Мысли Гарри перенеслись на другой предмет. Он достал мобильный и с минуту крутил его в руках, хмурясь и кусая губы. Наконец, собравшись с духом, набрал номер.

— Драко, — он опустил боковое стекло и подставил ладонь под мелкие искрящиеся снежинки. — Привет. Не помешал?

— Ты? ТЫ не можешь помешать.

— Да ладно, — фыркнул Гарри. — Я хотел тебе сказать кое-что… Наверное, это не слишком хорошо по телефону, но… Когда я тебя вижу, то… каждый раз хочу это сказать и… И не могу, — покаянно вздохнул он.

— Ты о чем? — голос собеседника стал напряженным.

— Мы с тобой так часто видимся, — торопливо заговорил Гарри, чувствуя, как с каждой минутой затухает его смелость. — Ты не думай, я рад… даже слово неподходящее… Я люблю тебя видеть, — Гарри зажмурил глаза, досадуя, что не может подобрать слова. — И меньше всего на свете я хотел бы тебя чем-то обидеть, но…

— Но?.. — бесстрастным голосом подбодрил Драко.

— Северус… — прошептал Гарри.

— Он что-то сказал?

— В том то и дело, что ничего. Ни разу. Ни слова. Но я думаю…

— Ревнует, — мрачно подытожил Драко.

— Нет… Или да… Не знаю, как объяснить. Он просто…

— Все чувствует, — тихо сказал Драко. — Я понял. Думал, раз я прихожу к тебе с Герми, это меня оправдывает. Ну что ж… — он умолк.

— Драко, я не могу причинять ему боль, — Гарри взволнованно сжал в кулак мокрую от снега ладонь. — Лучше умру, чем обижу его, пойми! Нам не стоит… э-э... видеться так часто, — сдавленным голосом сказал он.

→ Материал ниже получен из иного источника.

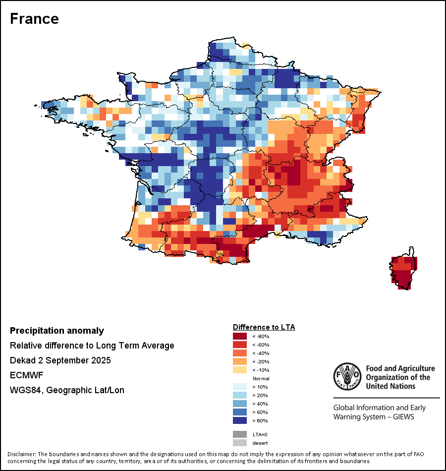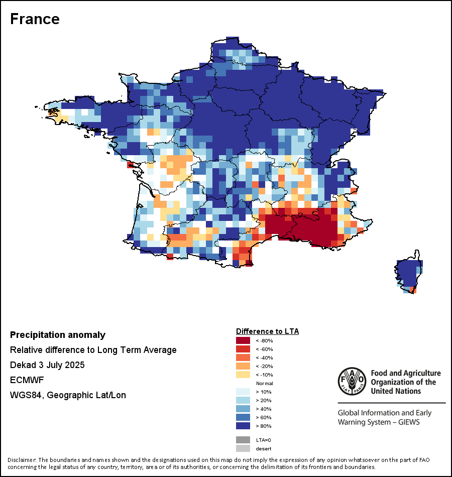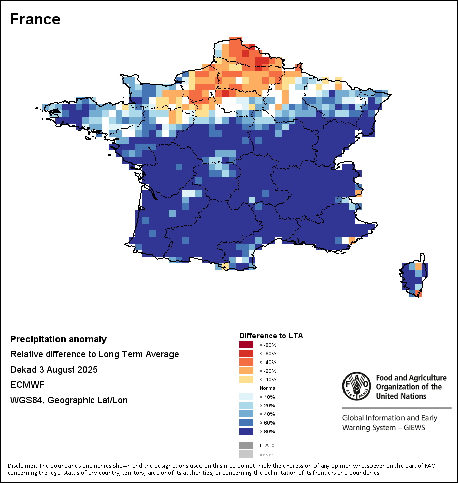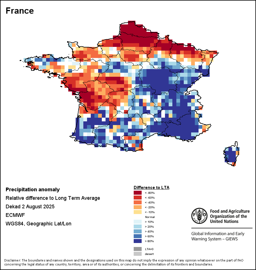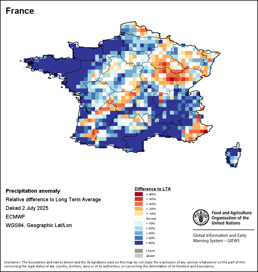 该图谱显示了当前降水量与平均水平之间的差异。 由降水量水平与长期平均值(LTA)进行比较得出,长期平均值系指1989-2015年期间的数值。暖色调指示的是降水量低于平均水平的地区,而冷色调指示的则是降水量高于平均水平的地区。降雨量估算数据来自欧洲中期天气预报这些(ECMWF)。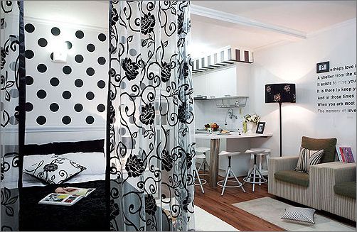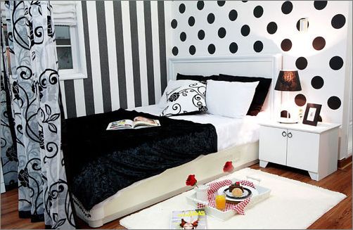 卧室空间 黑白床幔和床品,配上圆点墙面,一切都显得那么和谐。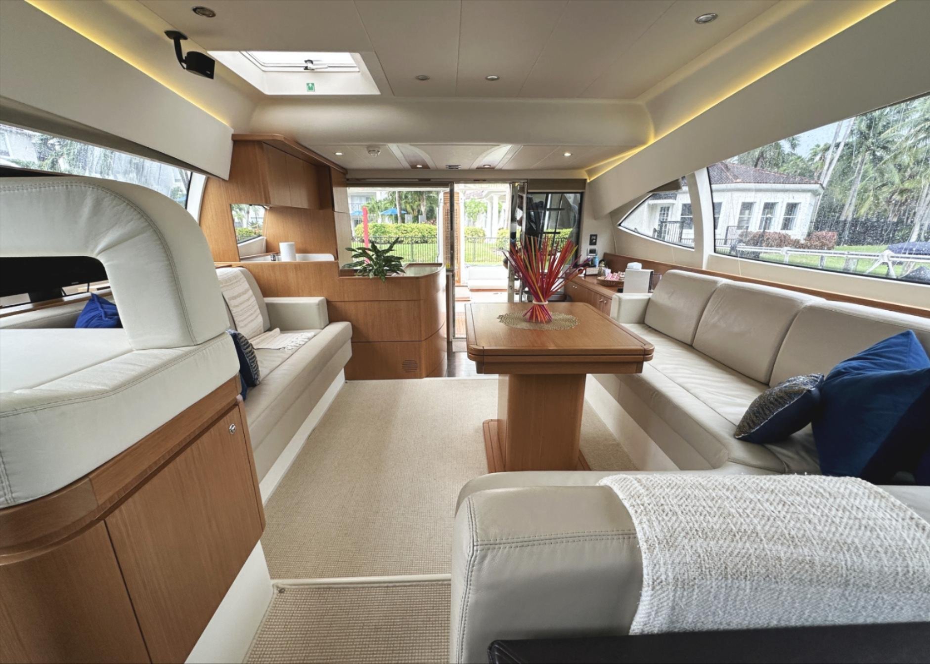 The flybridge of PRIMO is a standout feature offering a spacious area for outdoor entertainment and relaxation. It includes a helm station, a dining table, and comfortable seating, all within sturdy Bimini top and strataglass enclosure. The flybridge is also fitted with a wet bar and refrigerator making entertaining a breeze. The aft cockpit features an open bar to the galley, additional seating and dining space, and easy access to the swim platform for water activities.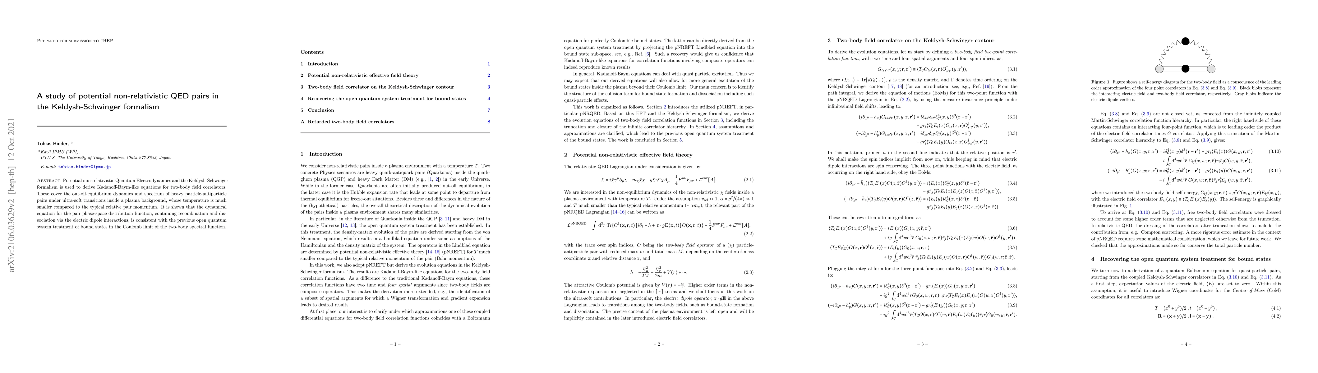 This study employs potential non-relativistic Quantum Electrodynamics and the Keldysh-Schwinger formalism to derive Kadanoff-Baym-like equations for two-body field correlators, analyzing the out-of-equilibrium dynamics and spectrum of heavy particle-antiparticle pairs in a cold plasma. The derived dynamical equation for the pair phase-space distribution function aligns with previous open quantum system treatments for bound states in the Coulomb limit.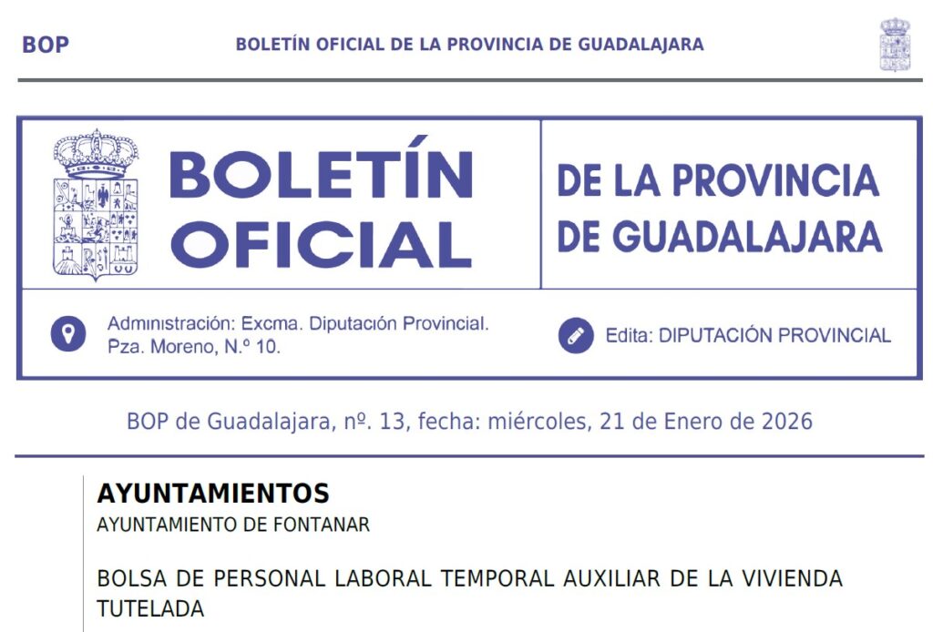 El Ayuntamiento de Fontanar ha convocado un proceso selectivo para la creación de una bolsa de empleo temporal de Auxiliar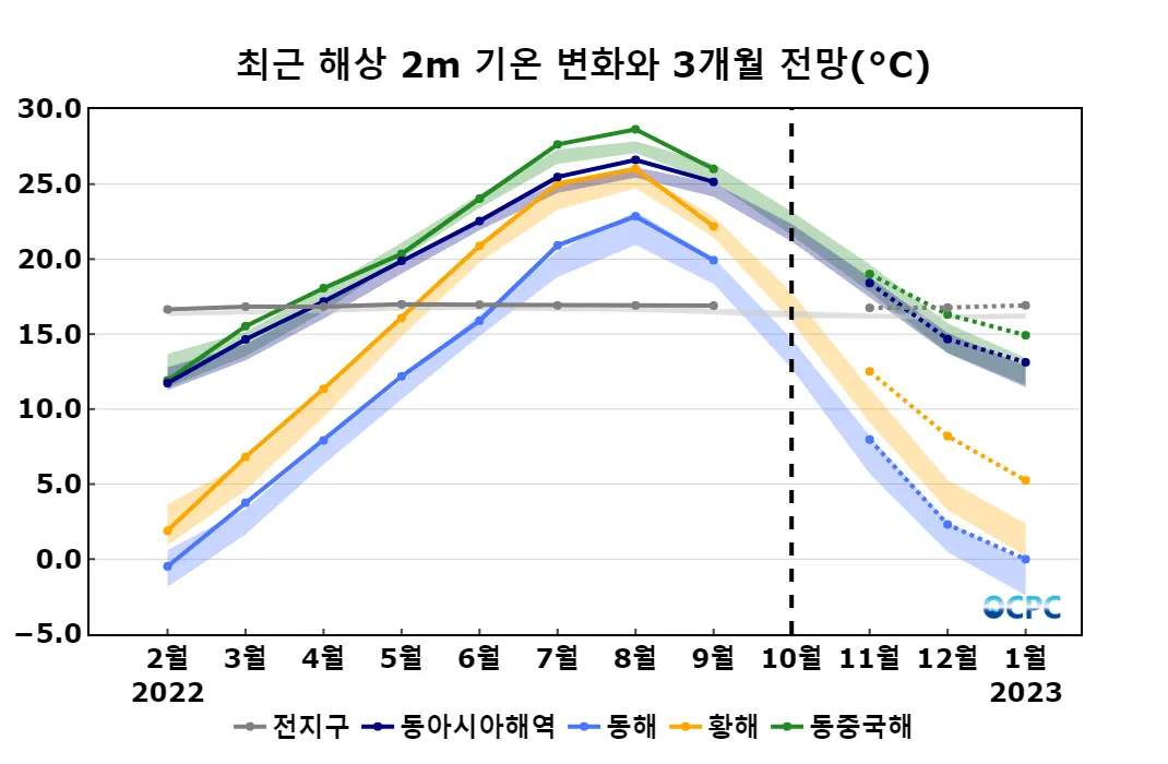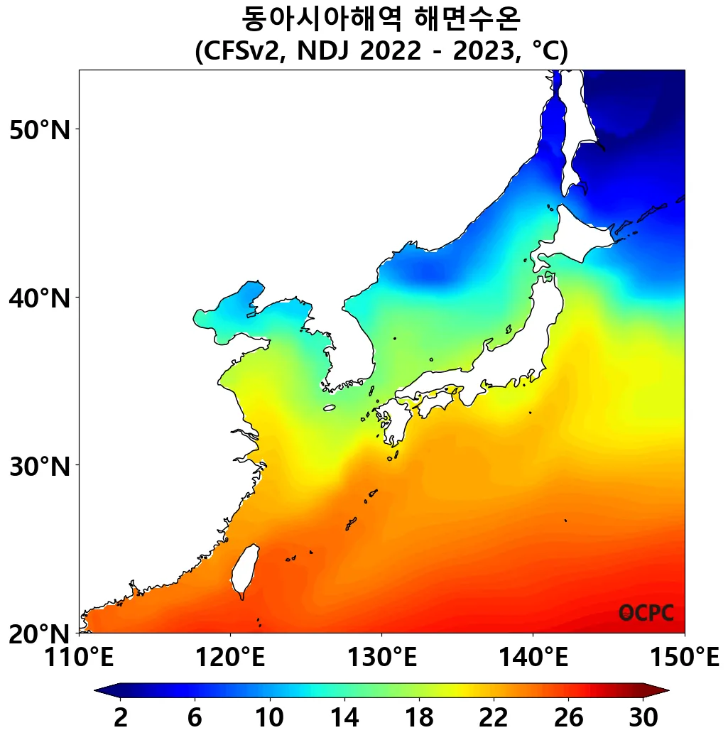 A. 동아시아해역 해상기온 전망(2022년 11월~2023년 1월 평균)

— Я понял, — голос друга стал холодней тающих на ладони снежинок.

— Нет, ты не понял, — в отчаянии сказал Гарри. — Ты мой друг и для меня много значишь, но…

— Брось, — с горькой насмешкой сказал Драко. — Друг. Растишь в себе хирурга? Отсекаешь лишнее? Ну что ж, Поттер, не буду тебе докучать.

— Драко, подожди, ты…

В ответ раздались гудки отбоя. Гарри вздохнул и отшвырнул телефон на сиденье. Он прикрыл окно и с минуту сидел, зябко обхватив себя руками и чувствуя заползший в сердце холод, который не спешил уходить.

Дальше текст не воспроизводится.